Contracts and data shapes¶
- Not documented yet: canonical wire contracts for the Supervisor control channel and status responses.
- See the Supervision Subsystem contract doc for invariants and required behaviors:
README.Files/Subsystems/Supervision/README.md.
Configuration, operational data, and paths¶
- Supervisor configuration overlays and operational artifacts must follow the Operational Data Policy.
- Not documented yet: canonical file names/paths for supervision-specific state beyond what is described in the Supervisor component README.
Failure modes and expected behaviors¶
- Manifest invalid: fail fast, do not start any components; produce an aggregated operator-facing error.
- Dependency not ready: dependent components do not start; failure is observable in logs/STATUS.
- Crash loop: backoff + quarantine prevent endless churn; storm guard prevents system-wide restart storms.
- Shutdown timeout: forced teardown is applied to the process tree; log the decision and impacted components.
Observability & diagnostics¶
- Primary evidence is per-component unified logs and Supervisor logs.

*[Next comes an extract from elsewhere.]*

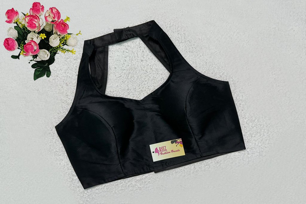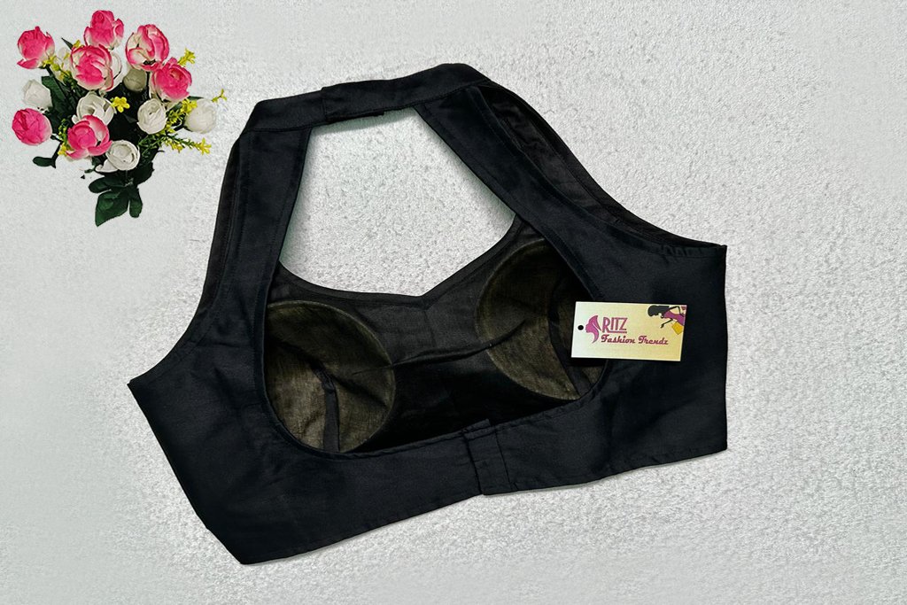 This is a Black Color Samo Silk Blouse. This is Double Strap Halter Neckline in both Frontside & Backside with Mandarin Collar. This is a Princess Cut, Padded, Sleeveless Blouse with Back Open. You can team it up with any contrast-colored Traditional/Printed Saree.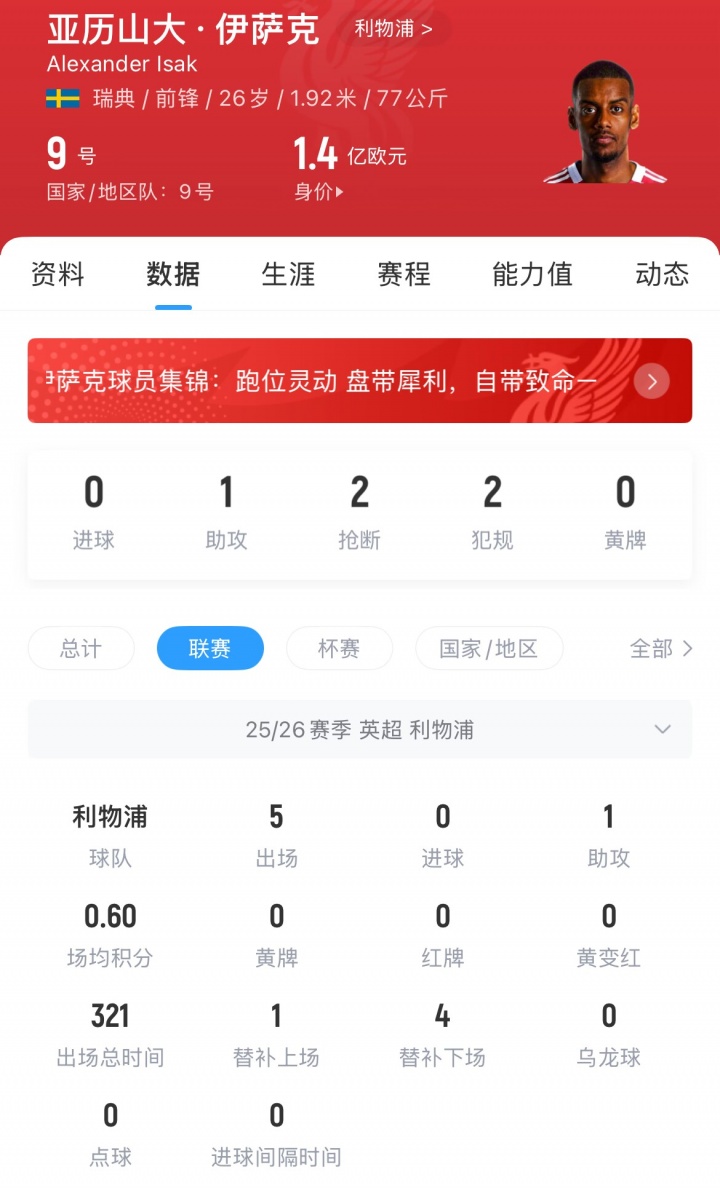 11月23日讯 英超第12轮,利物浦主场0-3不敌丛林,伊萨克首发出战68分钟被换下。

- STATUS output should allow quick triage: which component is quarantined, restart counters, last exit codes.
- Support bundles should include Supervisor state plus component logs for the relevant time window.
Testing & validation expectations¶
- Validate
--dry-runagainst staged apps. - Validate startup ordering and readiness gating.
- Validate restart/quarantine logic with a controlled crash harness.
- Validate control channel authorization/ACL behavior.
- Validate clean shutdown of process trees.